Growing up in Bangalore, India, Adarsh Suresh was encouraged by his scientist father to go out, explore, and, most importantly: ask questions.
In neighboring forests, a teenage Suresh found his passion for science — well, at least for studying one class of organisms.
“Like everyone, I went through an insect phase,” he said. Not content to examine the six-legged creatures on his own, he reached out to an entomology professor at the National Center for Biological Sciences whose website said that he accepted high school students. The professor agreed to take in Suresh, assigning him to go into the forest, gather insects, and identify them. Soon enough, Suresh had graduated to bigger projects, including training bees to fly to the lab.
“I said, ‘This is really great. I really enjoy doing research,’” he said. “I was treated like an adult, and I felt relevant and important. And that’s when I really learned how to ask questions, how to break them down into digestible chunks.”
That led to a yearslong pursuit of research that took him to the University of Wisconsin-Madison and then to the Pritzker School of Molecular Engineering (PME) at the University of Chicago, where he also found his passion for teaching, mentoring, and communicating science. Now, as he finishes his PhD and looks back at what he has learned, he’s ready to help reform education in India.

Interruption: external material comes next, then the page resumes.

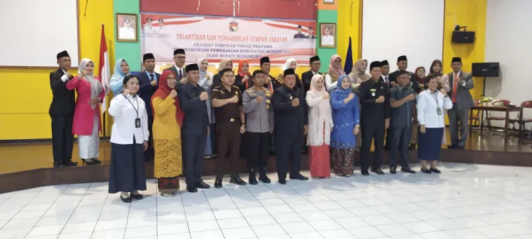 Prosesi pelantikan dan pengambilan sumpah jabatan berlangsung khidmat di Aula Bappelitbangda Kabupaten Mukomuko pada pukul 14.30 WIB.

“Science that is not communicated to society is useless,” he said. “And to communicate science and educate students, you need to make them feel relevant and important, to be allowed to make risky decisions to understand how the world works.”
Learning to fail
When Suresh arrived at the University of Wisconsin-Madison in 2015 — his first time in the United States — to study chemistry and chemical engineering, he immediately began to search for his next research project. He found his place in a lab that worked to convert nitrogen to ammonia using visible light. He enjoyed the experience so much that he began to research graduate schools. PME immediately grabbed his attention.
“The school was doing something new and exciting, and I wanted to be a part of it,” he said. “It was interdisciplinary and avant-garde, and I knew there would be challenges and opportunities as we figured it out as we went. It was the best decision I could have made.”

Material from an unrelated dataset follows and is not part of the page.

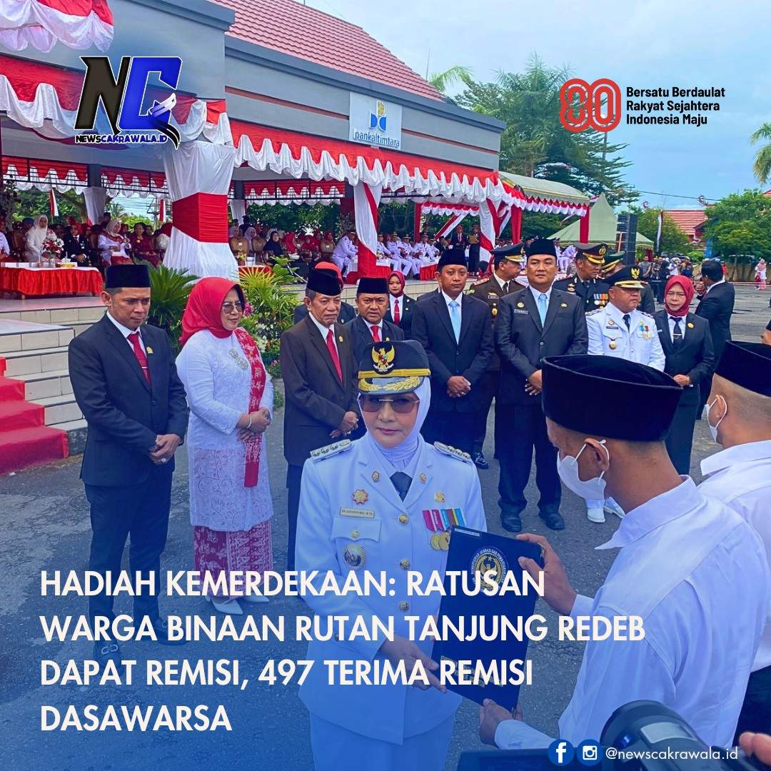 Bertempat di Lapangan GOR Pemuda Tanjung Redeb, sebanyak 472 warga binaan menerima Remisi Umum (RU), sementara 497 warga binaan lainnya memperoleh Remisi Dasawarsa, yaitu pengurangan masa pidana khusus yang diberikan setiap kelipatan 10 tahun peringatan kemerdekaan RI.

He wanted to work on big problems, like the global water crisis, so he devised a plan: He would work with both Prof. Stuart Rowan, who had developed a porous material with a high surface area, and Prof. Chong Liu, an expert at extracting ions from water using electron fields. Combining the two technologies could lead to a new way to not only desalinate water at scale — it could also remove toxins and mine valuable resources from it.
He developed a selective electrode to facilitate these processes, but it did not perform well enough inside the electrochemical cell. “Science does not go in a predictable way,” Suresh said. “When people ask me to tell about a time I failed, I say, ‘I’m a graduate student, I fail every day of my life.’”
Suresh even accidentally dropped the electrode and stepped on it. Luckily, it didn’t break. But the mistake made him wonder about the strength of materials — a question he knew would be on the minds of other young people, as well.
“I started to think about how to explain fundamental concepts of mechanics,” he said. “So I posed that as a challenge to myself.”
Giving students ideas they can understand
In fact, where Suresh found his groove at UChicago was in communicating science, mentoring young students, and acting as a sounding board for his peers.
As a PME science communication fellow, he has presented scientific concepts at PME’s Junior Science Cafés and at the annual South Side Science Festival. To explain how materials get their strength, he shows how vertical rolled-up Post-it notes (seemingly weak on their own) can support a stack of books. He loves explaining scientific concepts to kids.
“Our job is not to inundate them with equations and theories,” he said. “We have an obligation to inspire them and make them believe they are capable of changing the world by giving them the ideas and toolkits they can understand.”
But young kids aren’t his only audience. He won UChicago’s Three Minute Thesis Competition and also served as a mentor to a group of students (one high school student and two undergraduate students) on a research project to develop next-generation carbon foams for selective carbon capture. “I will aways welcome high school students in the lab,” he said. “I want them to explore, to foster independence, and to learn how to ask questions.”
He also found time to serve as a PME ombudsperson, acting as a resource and sounding board for PME students. In each communication and mentoring experience, he draws on his the tenets of improv — saying, “Yes, and” — to respond to the person and situation.
Creating accessible education for everybody
As he finishes up his PhD, Suresh is excited for a career in education. He wants to inspire kids in his home country with visual demonstrations of the power of science. He had a taste of what it might be like when he taught a summer scholars class in 2020 to high school students. Due to the pandemic, the class shifted online, so every student was sent a breadboard, on which they could create circuits.
A month after the class ended, a student emailed him, asking for help building something new on the breadboard. Suresh was happy to comply. They got on a Zoom call and worked it out.
“That he emailed to ask for my help was very nice,” Suresh said. “I want to bring these innovative learning techniques to schools. I want education to be free and accessible to anybody. That’s my goal.”